In mid-September, the European Commission presented its proposal on dispute resolution in the TTIP, as we have previously discussed on this blog. In our previous post, we find it promising that the Commission’s proposal is built on existing practices but we also note that the proposal raises many questions.
The Commission’s proposal is only a proposal. It must first be accepted at home within the European Union and later be put on the negotiating table with the U.S counterpart. There has been some suspicions that the U.S would have doubted the proposed changes and this suspicion has now been confirmed.
The U.S Trade Representative Michael Froman especially expresses scepticism about the proposal of appeal mechanism in which the entire case will be reheard (in the current system, an award may only be appealed on procedural grounds).
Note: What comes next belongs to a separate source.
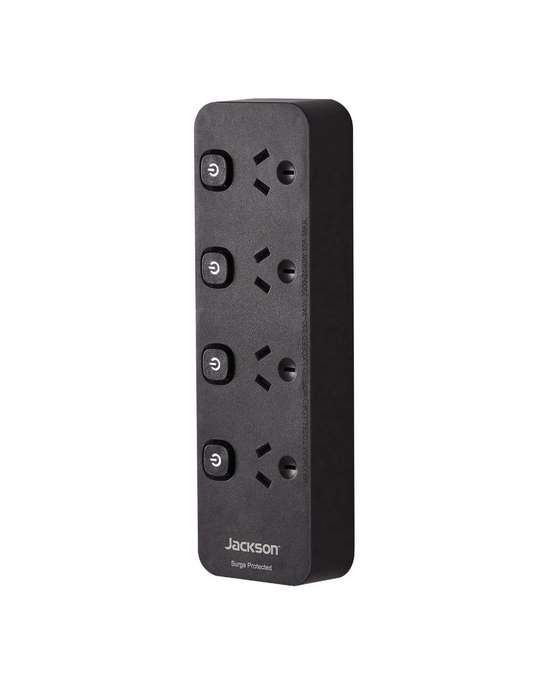 Sold by OfficeworksJackson 4 Outlet Switched Powerboard Surge Protection Black

The U.S is among the countries that has been sued the most in ISDS nevertheless it has never lost a case, and the U.S Trade Representative is hesitant to give investors a second chance in the proceeding. As he puts it, “It’s not obvious to me why you would want to give companies a second bite of the apple”.
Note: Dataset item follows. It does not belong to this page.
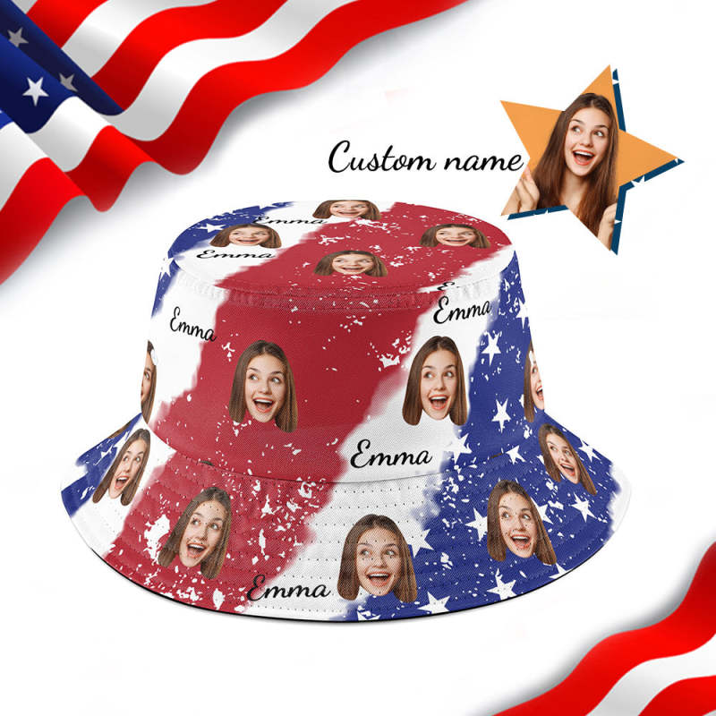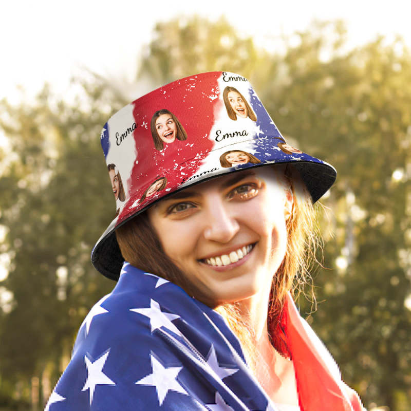 Custom American Flag Print Bucket Hat Personalized Fisherman Hat

Another aspect of the proposal that has been widely criticized is the closed list of arbitrators to be pre-appointed unilaterally by states, in contrast to the current system in which each party in dispute may appoint an arbitrator.
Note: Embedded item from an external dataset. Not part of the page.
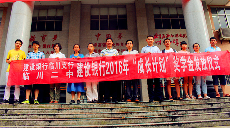 “成长计划”奖学金由中国建设银行出资设立,实施“建设未来——中国建设银行资助贫困高中生成长计划”,专项资助全国,特别是中西部地区普通高中家庭经济困难学生。经过甄选,我校付娇娇、刘旺敏、范雨婷、杨勇、方乐、邹志聪、尧欢金、胡紫灿等8名学生每人获得3000元奖学金。

Michael Froman would prefer that the investment chapter of the TTIP has provisions closer to those in the U.S model investment agreement of 2012. This model agreement is considered to be the most progressive of its kind and is based on international “best practices”.
The text of the completely negotiated TPP, which has recently been released, is based largely on such American model agreement. Froman believes that this should be the starting point of the TTIP.
On 4 October 2015, twelve countries representing 40% of the world’s economy signed the Trans-Pacific Partnership agreement. These countries consist of the United States, Mexico, Canada, Chile, Peru, Japan, Singapore, Brunei, Vietnam, Malaysia, Australia and New Zealand.
The text is yet to be released but official information about the agreement can be found among others on the U.S government website and the Canadian government website.
The signing of the TPP means that twelve countries with significant share in the world’s economy have been able to agree on one set of investment protection rules. As summarized on the U.S Trade Representatives website, the investment chapter will replicate the terms in the US 2012 Model Bilateral Investment Treaty. The rules require non-discriminatory investment policies and provide terms that assure basic rule of law protections. At the same time the rules ensure governments’ ability to achieve legitimate public policy objectives.
According to the Department of Foreign Affairs, Trade and Development of Canada, the investment chapter provides access to “an independent ISDS mechanism that is prompt, fair and transparent, and subject to appropriate grounds”.
This means that signing countries find ISDS to be relevant and necessary, not least between developed states. It may be noted that ISDS under the US 2012 Model Bilateral Investment Treaty includes a transparent proceeding and a possibility of a third party to participate in the proceeding. There is a good reason to guess the TPP will include these features too.